Would you please return the lines of the entries below starting at the line that has "Enthalten sind eine" and ending at the line that has "Starts Dec 8", both included, exactly as they are?
***** RECORDS SHOWN *****
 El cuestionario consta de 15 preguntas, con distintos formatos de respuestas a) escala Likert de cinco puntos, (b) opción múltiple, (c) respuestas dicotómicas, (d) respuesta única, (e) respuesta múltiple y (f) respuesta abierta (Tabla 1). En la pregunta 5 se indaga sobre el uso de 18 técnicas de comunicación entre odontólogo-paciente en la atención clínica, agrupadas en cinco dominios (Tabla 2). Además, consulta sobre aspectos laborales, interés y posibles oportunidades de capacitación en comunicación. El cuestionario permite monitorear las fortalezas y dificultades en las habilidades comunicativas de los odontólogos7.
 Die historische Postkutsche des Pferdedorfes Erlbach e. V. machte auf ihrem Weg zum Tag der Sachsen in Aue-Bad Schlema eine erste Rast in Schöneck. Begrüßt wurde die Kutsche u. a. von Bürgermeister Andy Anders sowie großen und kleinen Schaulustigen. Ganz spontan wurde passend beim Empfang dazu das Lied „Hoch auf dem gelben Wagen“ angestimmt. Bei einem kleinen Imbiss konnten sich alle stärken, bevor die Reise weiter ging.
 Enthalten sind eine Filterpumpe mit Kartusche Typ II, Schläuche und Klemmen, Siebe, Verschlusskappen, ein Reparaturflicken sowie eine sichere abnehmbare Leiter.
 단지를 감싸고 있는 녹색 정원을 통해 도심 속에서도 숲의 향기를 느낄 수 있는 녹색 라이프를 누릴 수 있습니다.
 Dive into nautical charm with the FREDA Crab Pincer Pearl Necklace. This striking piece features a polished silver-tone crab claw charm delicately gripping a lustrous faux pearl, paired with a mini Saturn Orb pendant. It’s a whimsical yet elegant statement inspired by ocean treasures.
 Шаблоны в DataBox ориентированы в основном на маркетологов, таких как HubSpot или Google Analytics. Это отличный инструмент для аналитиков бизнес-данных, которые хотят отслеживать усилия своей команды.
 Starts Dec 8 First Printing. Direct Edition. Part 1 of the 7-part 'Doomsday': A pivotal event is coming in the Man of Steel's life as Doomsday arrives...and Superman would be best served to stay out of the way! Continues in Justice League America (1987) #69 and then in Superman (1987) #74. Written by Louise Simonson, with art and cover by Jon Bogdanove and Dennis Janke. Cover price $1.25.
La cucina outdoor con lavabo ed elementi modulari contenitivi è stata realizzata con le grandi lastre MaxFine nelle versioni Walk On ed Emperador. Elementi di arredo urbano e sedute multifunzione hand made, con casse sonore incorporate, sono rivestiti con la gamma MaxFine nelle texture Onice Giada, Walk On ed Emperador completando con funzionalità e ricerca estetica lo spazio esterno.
*****
**RESPONSE BELOW**
 Enthalten sind eine Filterpumpe mit Kartusche Typ II, Schläuche und Klemmen, Siebe, Verschlusskappen, ein Reparaturflicken sowie eine sichere abnehmbare Leiter.
 단지를 감싸고 있는 녹색 정원을 통해 도심 속에서도 숲의 향기를 느낄 수 있는 녹색 라이프를 누릴 수 있습니다.
 Dive into nautical charm with the FREDA Crab Pincer Pearl Necklace. This striking piece features a polished silver-tone crab claw charm delicately gripping a lustrous faux pearl, paired with a mini Saturn Orb pendant. It’s a whimsical yet elegant statement inspired by ocean treasures.
 Шаблоны в DataBox ориентированы в основном на маркетологов, таких как HubSpot или Google Analytics. Это отличный инструмент для аналитиков бизнес-данных, которые хотят отслеживать усилия своей команды.
 Starts Dec 8 First Printing. Direct Edition. Part 1 of the 7-part 'Doomsday': A pivotal event is coming in the Man of Steel's life as Doomsday arrives...and Superman would be best served to stay out of the way! Continues in Justice League America (1987) #69 and then in Superman (1987) #74. Written by Louise Simonson, with art and cover by Jon Bogdanove and Dennis Janke. Cover price $1.25.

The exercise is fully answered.